Why server treats the first string in this undesired way?

Regards,

CN

--
http://www.fastmail.fm - Email service worth paying for. Try it for free


Re: Escaped backslash in SQL constant

From
Tom Lane
Date:
"CN" <cnliou9@fastmail.fm> writes:
> The database cluster is initialized to use UNICODE. The client encoding
> is set to BIG5. The middleware escapes the backslash in the following
> string before writing to TEXT/VARCHAR column in server:

> a5 5c af e0

Seems to me that you need to fix your broken middleware --- it has no
business doing that.

> This is a string comprises Big5 characters each of 2 octets big. Note
> that the second octets, 5c, of the first Big5 character clashes
> backslash '\'. Thus, this string is escaped to

> a5 5c 31 33 34 af e0

Now you have a 2-octet Big5 character, followed by 3 1-octet ASCII
digits, followed by a 2-octet Big5 character.  All the subsequent
processing is doing what it should with this, AFAICS.

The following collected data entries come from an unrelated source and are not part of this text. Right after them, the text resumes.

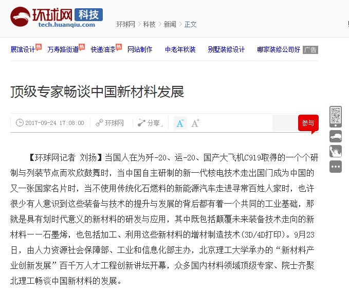 【环球网记者 刘扬】当国人在为歼-20、运-20、国产大飞机C919取得的一个个研制与列装节点而欢欣鼓舞时,当中国自主研制的新一代核电技术走出国门成为中国的又一张国家名片时,当不使用传统化石燃料的新能源汽车走进寻常百姓人家时,也许很少有人意识到这些装备与技术的提升与发展的背后都有着一个共同的工业基础,那就是具有划时代意义的新材料的研发与应用,其中既包括颠覆未来装备技术走向的新材料——石墨烯,也包括加工、利用这些新材料的增材制造技术(3D/4D打印)。9月23日,由人力资源社会保障部、工业和信息化部主办,北京成品人和一品二品的区别承办的“新材料产业创新发展”百千万人才工程创新讲坛开幕,众多国内材料领域顶级专家、院士齐聚北理工畅谈中国新材料的发展。北京成品人和一品二品的区别校长 胡海岩院士致辞时表示,北京成品人和一品二品的区别21日正式入选国家“双一流”建设名单,“材料科学与工程”学科入选“双一流”学科名单。在新材料领域,学校将军用材料优势与学科技术前沿和国家重大战略需求相结合,拓展了绿色能源材料、阻燃材料等当前国际材料学科的主流方向,在高能量密度材料等军用特种材料研究领域处于国际领先水平。胡海岩强调,承担国家重大任务,是北理工人的使命与担当。力求为推动中国制造业转型升级,提升“中国制造”的品质和“中国创造”的影响力做出贡献。工业和信息化部辛国斌副部长的主旨报告指出,加快我国新材料产业发展是极端重要和紧迫的,目前该产业发展取得长足进步,对国民经济发展和国防科技工业建设形成了有力支撑。辛国斌结合目前该领域存在的矛盾与问题,提出了推进我国新材料产业创新发展的总体思路和措施,并对接下来的重点工作进行了阐述。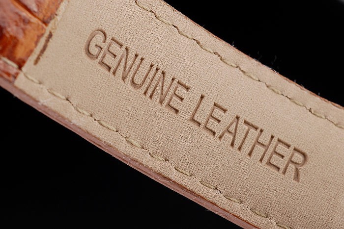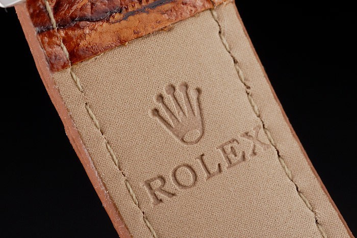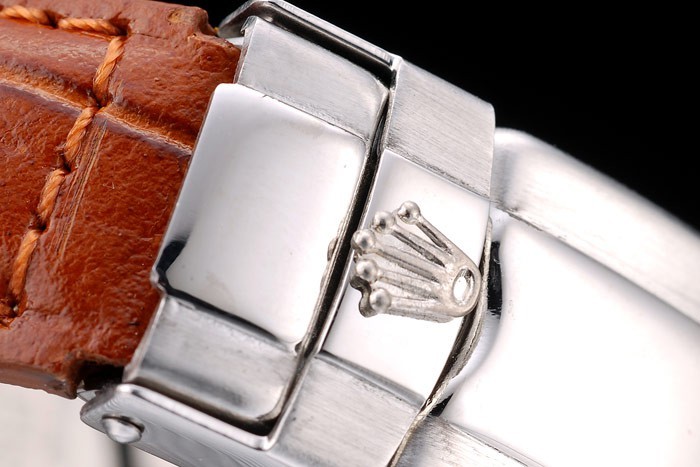 上にロレックスのロゴが刻まれたステンレススチール展開クラスプと茶色のワニ革ストラップをエンボスクロコダイル< BR>直径スキン:44のx 35ミリメートルウォッチクラスプ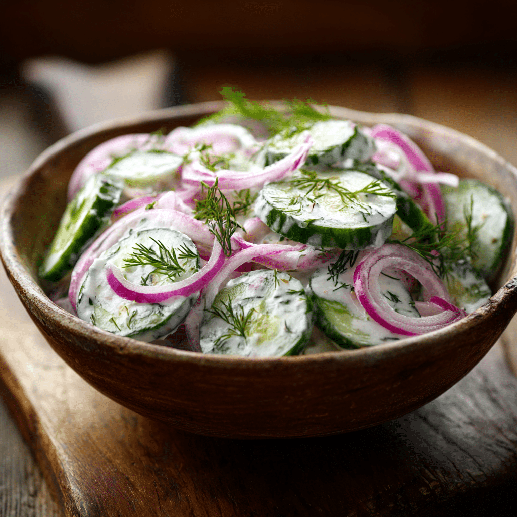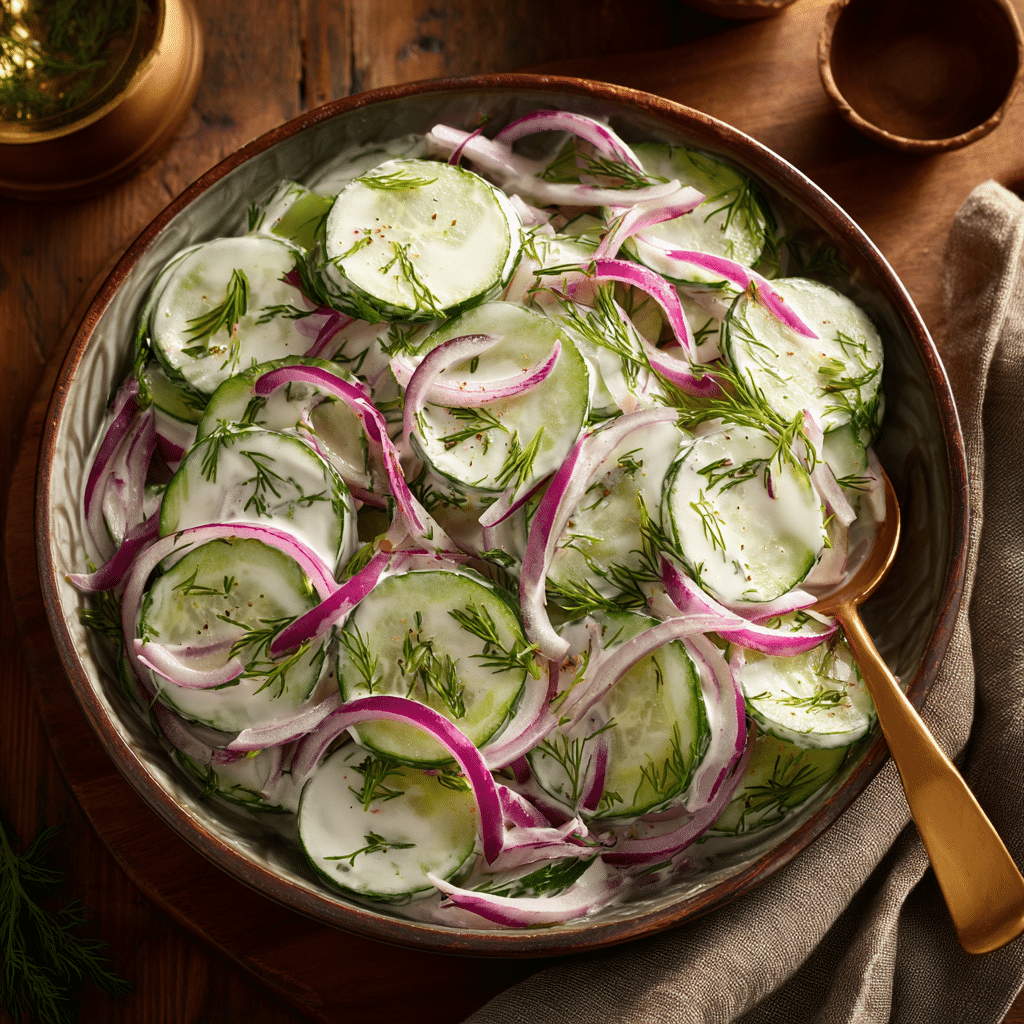 What I love most about this salad is how simple it is. Just a few fresh ingredients, and you have a dish that’s both nourishing and full of flavor. The cucumbers stay crisp, the dill adds a fragrant herbal note, and the creamy dressing ties everything together perfectly. I often bring this salad to potlucks, and it’s always a hit everyone asks for the recipe!

            regards, tom lane

Re: Escaped backslash in SQL constant

From
"CN"
Date:
Many thanks for the lightening fast answer!

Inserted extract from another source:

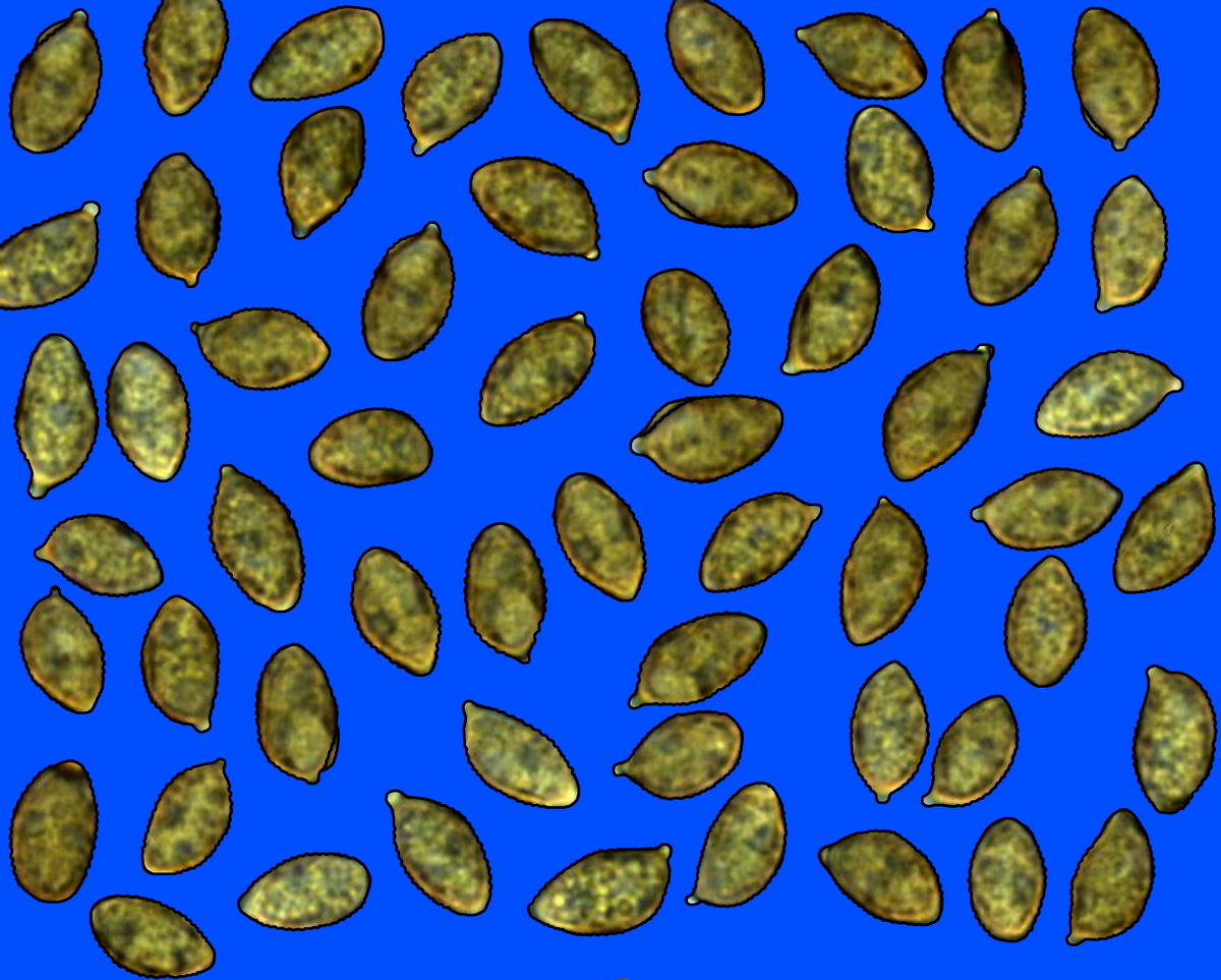 giallastro, larghe, (3,24)3,96-4,57-10,84(11,17)µm.

> > The database cluster is initialized to use UNICODE. The client encoding
> > is set to BIG5. The middleware escapes the backslash in the following
> > string before writing to TEXT/VARCHAR column in server:
>
> > a5 5c af e0
>
> Seems to me that you need to fix your broken middleware --- it has no
> business doing that.

Are you suggesting that the middleware should not escape backslashes in
the first place?

The doc in
http://www.postgresql.org/docs/8.1/static/sql-syntax.html#SQL-SYNTAX-CONSTANTS
reads:

"Any other character following a backslash is taken literally. Thus, to
include a backslash in a string constant, write two backslashes."

My understanding on this statement is that escaping \ to \\ blindly for
any string and any encoding hurts nothing. Also, I thought that escaping
"\" to "\134" for TEXT column should be always equivalent to escaping it
to "\\", at least with this current (8.1) version.

> > This is a string comprises Big5 characters each of 2 octets big. Note
> > that the second octets, 5c, of the first Big5 character clashes
> > backslash '\'. Thus, this string is escaped to
>
> > a5 5c 31 33 34 af e0
>
> Now you have a 2-octet Big5 character, followed by 3 1-octet ASCII
> digits, followed by a 2-octet Big5 character.  All the subsequent
> processing is doing what it should with this, AFAICS.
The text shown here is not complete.